Label: Die Schachtel
Series: Decay Music
Format: 2LP (Bundle)
Genre: Library/Soundtracks
Out of stock
Since its founding in Milan during the early years of the new millennium, Die Schachtel has occupied a singular place in the landscape of experimental music, issuing a carefully curated body of reissues and archival releases by historically significant figures and projects like Christina Kubisch, Luciano Cilio, Marino Zuccheri, Prima Materia, Claudio Rocchi, Lino 'Capra' Vaccina, Gruppo di Improvvisazione Nuova Consonanza, Roland Kayn, and numerous others, balanced against bristling contemporary counterparts by the likes of Jim O'Rourke, Giovanni Di Domenico, Nicola Ratti, Luigi Archetti, Valerio Tricoli, etc. In 2019, Die Schachtel launched a new series, Decay Music, once again stitching a bond between the present and the past by making a nod to Michael Nyman’s seminal debut and its place within Brian Eno’s development and creation of early ambient music.

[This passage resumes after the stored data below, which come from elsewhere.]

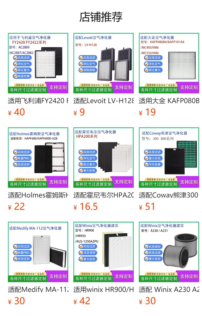 Assorted Air Purifier Filter Replacements (HEPA, Activated Carbon, and Composite Filters) for various Air Purifiers
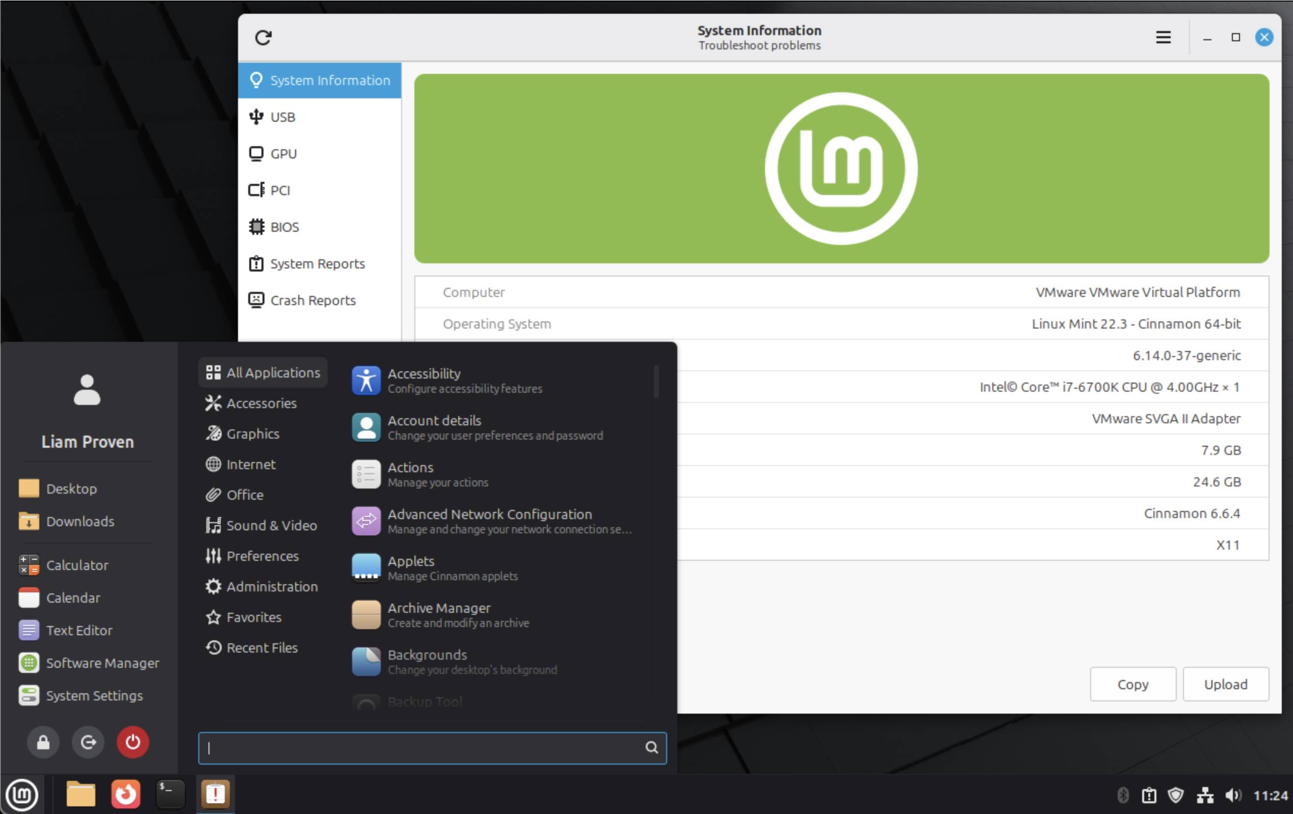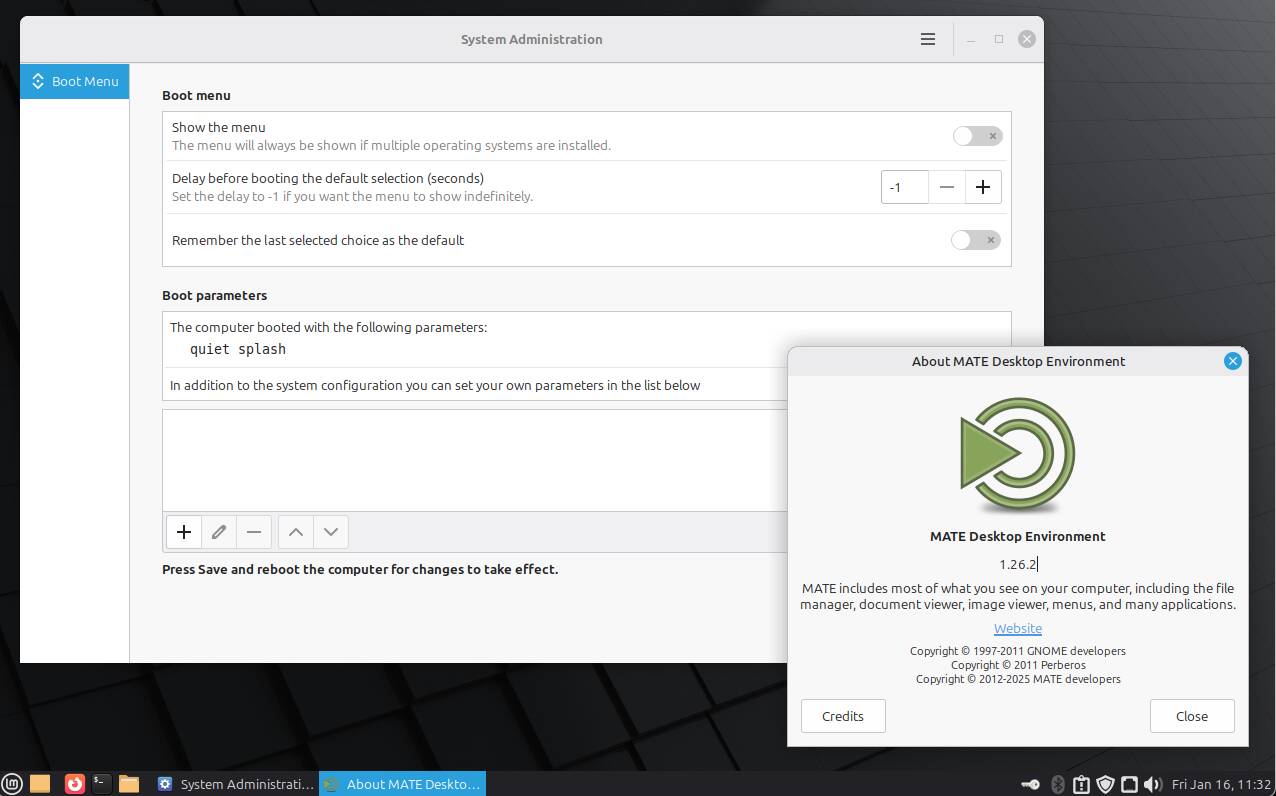 Помимо менее заметных внутренних обновлений, появились новые функции, затрагивающие Cinnamon, MATE и Xfce. Старый инструмент System Reports (Отчёты системы) получил новые страницы для предоставления информации об USB-устройствах, графических процессорах, устройствах PCI и системной прошивке; в связи с этим он был переименован в System Information (Информация о системе). Также появился новый, очень похожий по виду, но требующий прав root, отдельный инструмент под названием System Administration (Администрирование системы). Пока он содержит только одну страницу, позволяющую легко настраивать различные аспекты конфигурации загрузчика и меню через удобный графический интерфейс. Это долгожданное изменение, поскольку этот аспект игнорируется почти всеми другими дистрибутивами. Добавлена и новая апплетина для управления устройствами Thunderbolt. Мы уже сообщали о несовместимости между Thunderbolt 4 и более старыми версиями, и даже простое приложение, способное сообщить, что видит и как идентифицирует компьютер, очень полезно — и отсутствует в некоторых дистрибутивах и рабочих средах.
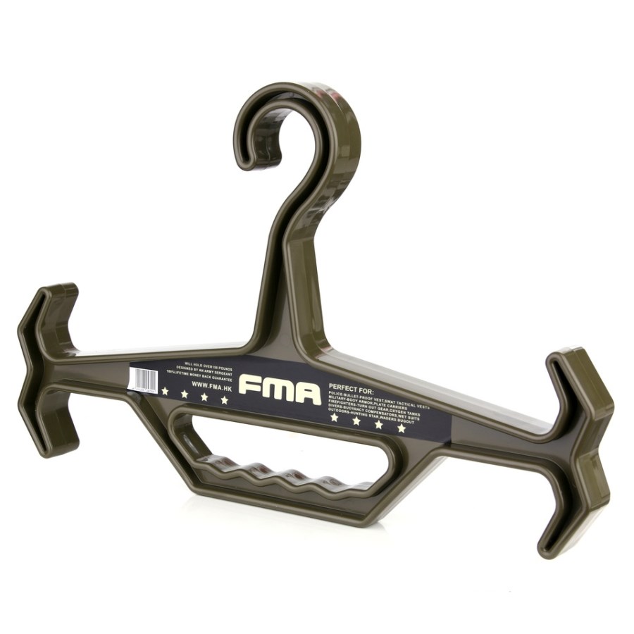 Cintre en plastique résistant conçu pour les vêtements lourds et les gilets tactiques. Possibilité de le retourner et de l'utiliser pour le transport à l'aide de la poignée.
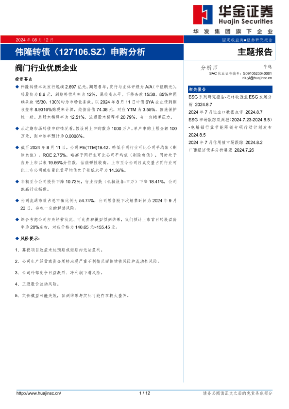 【华金证券】【20240812】伟隆转债(127106.SZ)申购分析:阀门行业优质企业-12页
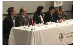 The speakers of the luncheon in Nogales sat at the front oft he room, in front of dozens of guests who attended. From the group at the table, Arizona Sec. of State Michele Reagan (middle) and Miguel Pompa (to Regan’s left) spoke at the event. (Diego Mendoza-Moyers/Cronkite News)
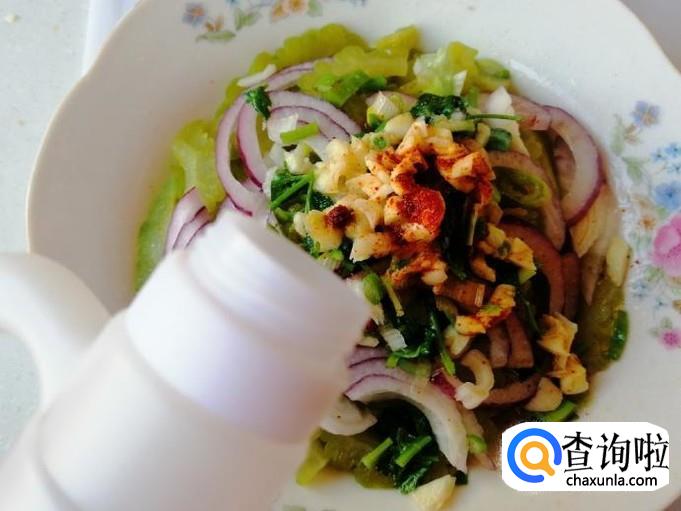 炒锅放油,油热后浇在,放好的辣椒面和蒜末上,随着热油的滋啦声,蒜香味特别浓郁,然后加上适量香醋和生抽,用筷子搅拌均匀,这样我们爽口的苦瓜拌圆葱就做好了,酸辣爽口特别好吃!
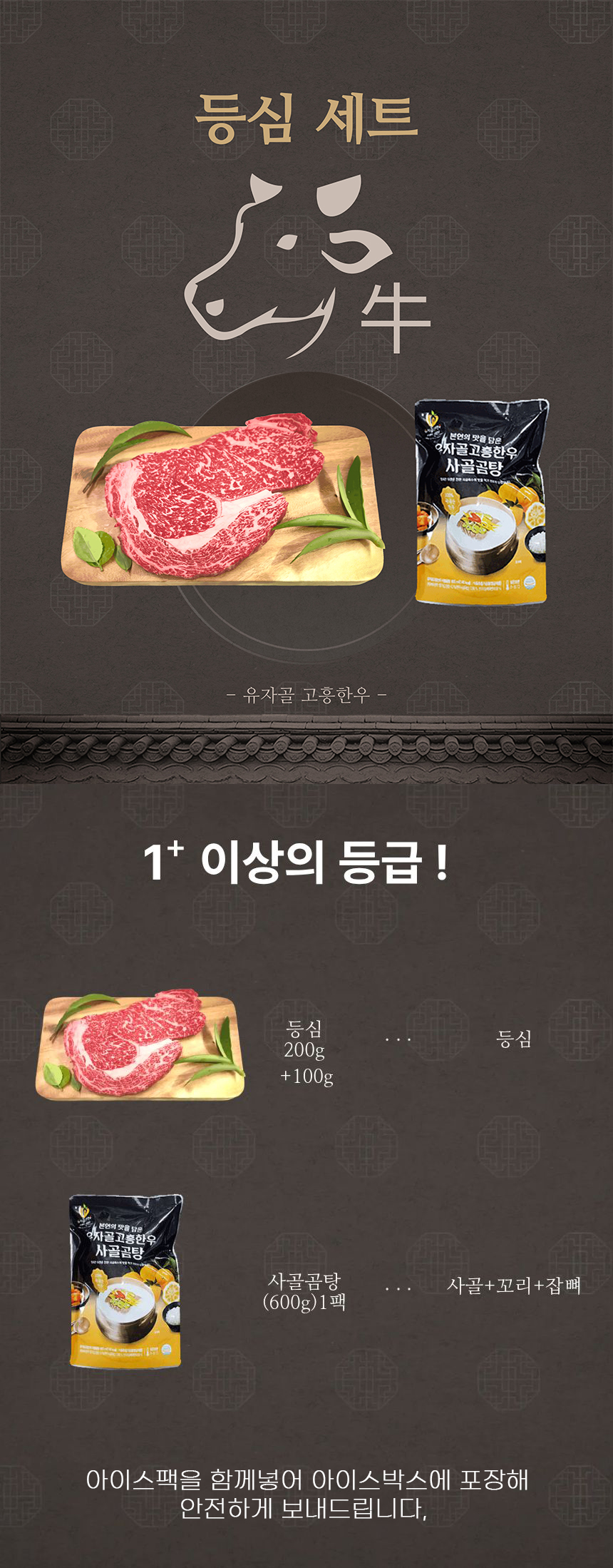 *고향사랑기부제*[유자골고흥한우브랜드] 한우등심세트(등심200g,사골곰팅600g1팩)+등심100g 추가증정
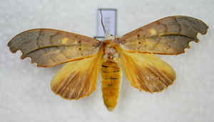 特征: 喙不发达;雄蛾触角双栉齿分支达2/3以上;前翅长而宽,前缘外半部拱形,翅顶钝,外缘斜具不规则缺刻,后缘中央前有一小齿形毛簇,M3与Cu1脉基部分离或有短共柄,M2脉从横脉中央伸出,具副室,M1脉从中室上角或副室后缘近中央伸出,Rs脉和R2、3、4脉同出于副室顶角;前翅外缘的缺刻不规则,中部两个大而深,横脉纹1个;胸部有长冠形毛簇;前翅M3与Cu1脉基部分离,胸部的毛刷棕红色;前翅后缘橘黄色。后翅黄褐色,前缘黄白色,后缘带赭色。
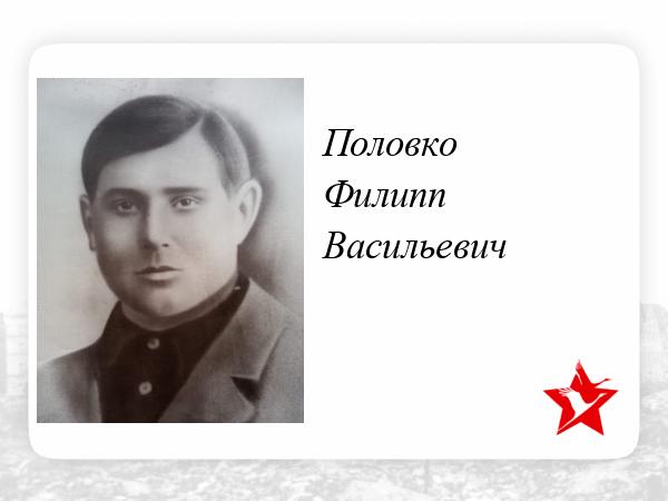 Мой прадед Половко Филипп Васильевич 1908 года рождения, Ушел на фронт и не вернулся. Числится пропавшим без вести.
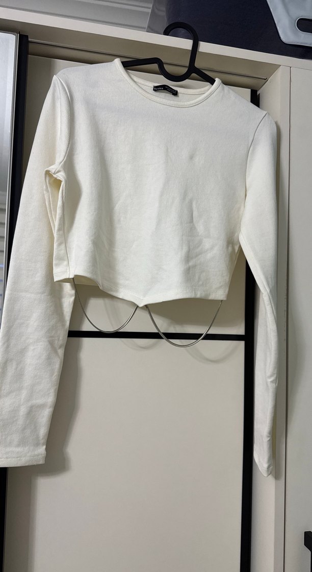 Zincir Detaylı Beyaz Uzun Kollu Bluz
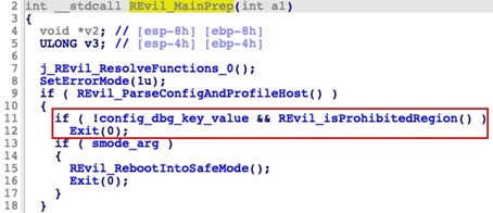 Figure 6. Original code with debug and prohibited region checks. (Source: Secureworks)This validation was removed in the September 2021 sample (see Figure 7) although the dbg configuration element is still present in the configuration.
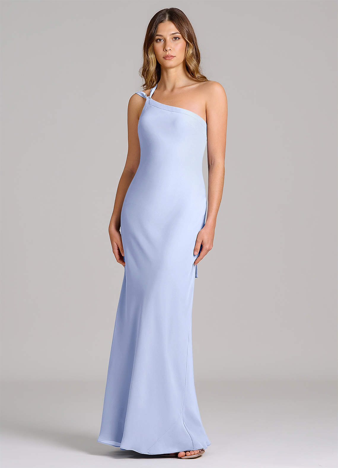 쉬스 한쪽 어깨 쉬폰 바닥 길이 드레스
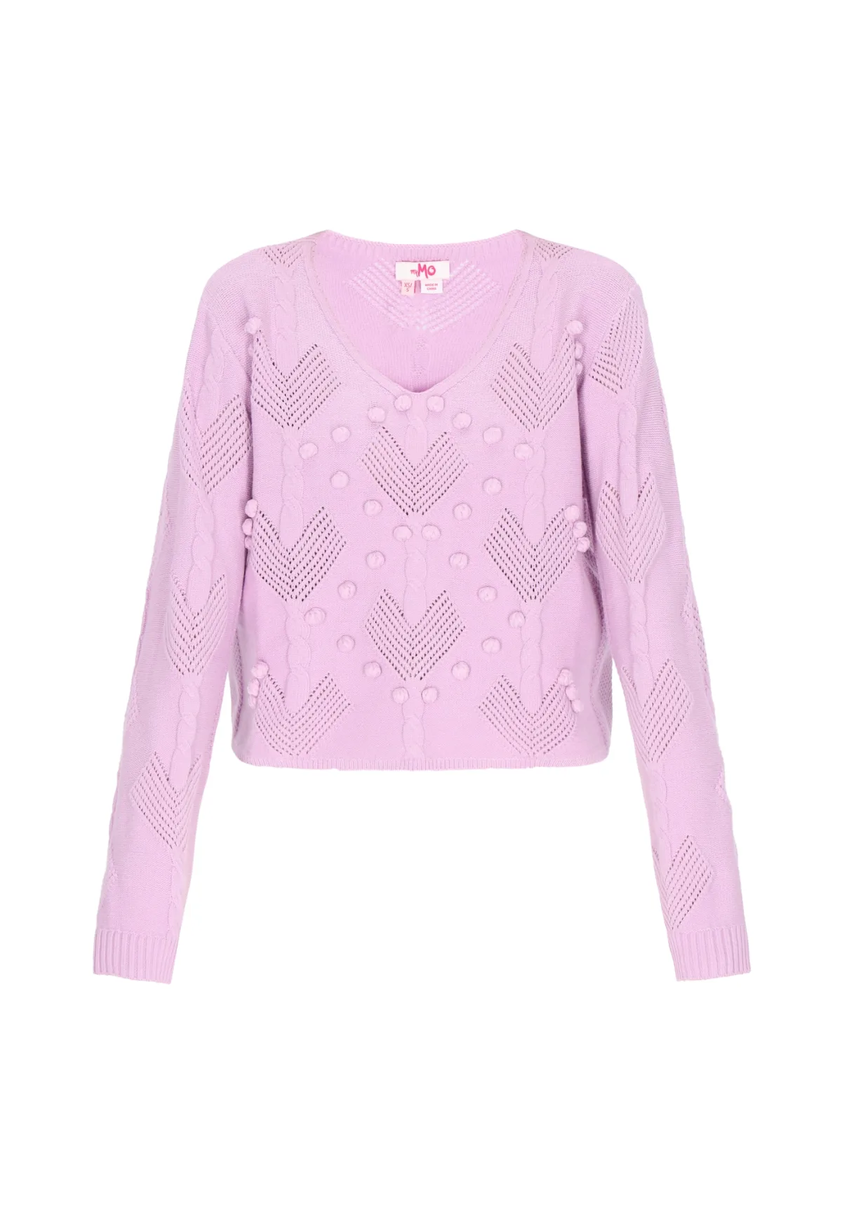 Design: Geribbeld gebreid, Vlecht brei, Pompoms; Type sluiting: Slip; Materiaal: Knitwear; Halstype: V-hals; Motief: Effen; Details: Mesh; Extra's: Op staal naden; Pasvorm: Normale pasvorm; Armlengte: Lange mouw; Lengte: Normale lengte

Across its last six releases, the series has set out to highlight inspired contemporary experimental efforts in the ambient, ethereal, and emotively abstract, delivering remarkable sounds by Vértice, Stefano Pilia, Sandro Mussida, Giovanni Di Domenico, Damāvand, and Claudio Rocchetti. Now Decay Music returns with its seventh and eighth instalments, the celebrated Italian composer Paolo Spaccamonti’s “Ifigenia/Oreste” - a stunning gesture of guitar based electroacoustic minimalism - and “I Hate All the Words”, a haunting effort of brooding ambiences and tense textures, by Luca Scarabelli and Michele Lombardelli’s Untitled Noise. Further contributing to a sense that Decay Music is the post-modern, 21st Century mirror to Obscure Records, each of these stunning efforts is issued by Die Schachtel in a highly limited, deluxe 180g vinyl edition of 250 copies, housed in silkscreened cover and outer sleeve, designed by Bruno Stucchi.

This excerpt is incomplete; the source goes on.